Пораженный её знанием, я отвечаю, что, мол, да.
- А откуда вы это знаете?
И тут она говорит мне в ответ, что прожила в Домне с 1954 по 1958 годы. Муж её служил в одном из полков нашей истребительно-бомбардировочной дивизии штурманом звена.Сама же она преподавала русскую литературу в старших классах тамошней гарнизонной школы. А фамилия наша ей была хорошо знакома со слов мужа, так как мой отец служил в это время заместителем командира и штурманом дивизии, и был его прямым начальником. К сожалению сам он отсутствовал, но в следующий раз она обещала его привести.
И вот уже сидя поздно вечером дома, я смотрю на свой глобус и ощущаю некое потрясение. Чикаго расположен на долготе чуть менее 90 градусов западной долготы, а Домна – чуть более 105 градусов восточной долготы. Это практически противоположная сторона Земного Шара! А мы с ней, с этой женщиной в течение четырех лет каждый день входили в одну и ту же школьную дверь, стояли в огромных тогдашних очередях за хлебом, смотрели кино в одном и том же зале Дома офицеров, купались в одной и той же реке, куда она носила стирать тазы с бельём, точно так же, как наша мать. И название реки она выдала назубок – Ингода. И учителей моих по имени и фамилии вспомнила. И с мамой нашей в один кружок «Кройки и шитья» все они ходили. Вы могли бы себе представить такую ситуацию. Мы с ней, а зовут её Галина Семёновна, разъехались оттуда 59 лет над! Отца оставили служить в штабе воздушной армии, а её мужа направили в Воронеж. И вот мы встретились на другом краю земли!

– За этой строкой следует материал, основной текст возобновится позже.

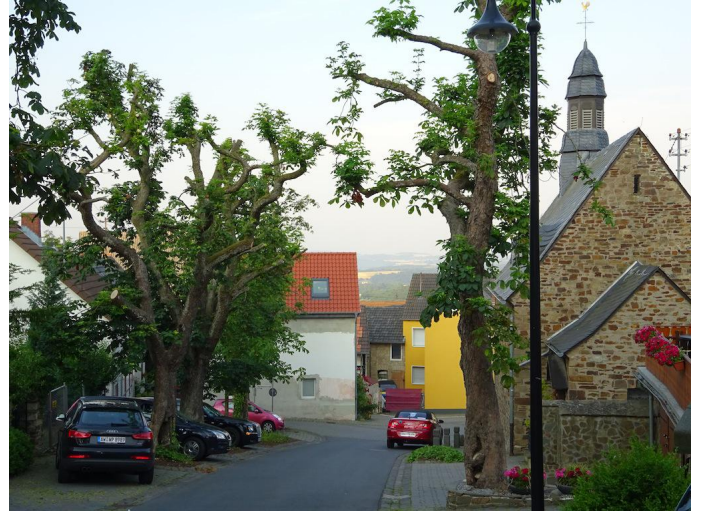
Nach dem Besuch der Burg Olbrück rollen Sie durch Hain weiter bergab. Autor Michael Hergarten Quelle outdooractive.com-Community

Короче, начало сегодняшнего вечера меня мало сказать, что  потрясло. А тут ещё и гроза почти одновременно с нашими чтениями грохотала, как крупно-калиберная артиллерия. Явно какие-то потусторонние силы над нами власт-вовали, что-то там задуманное ими вытворяли. И два тезки-Владимира в этой истории тоже явно неслучайно оказались. Промысел Проведения виден во всем этом. И очень точный и однозначный.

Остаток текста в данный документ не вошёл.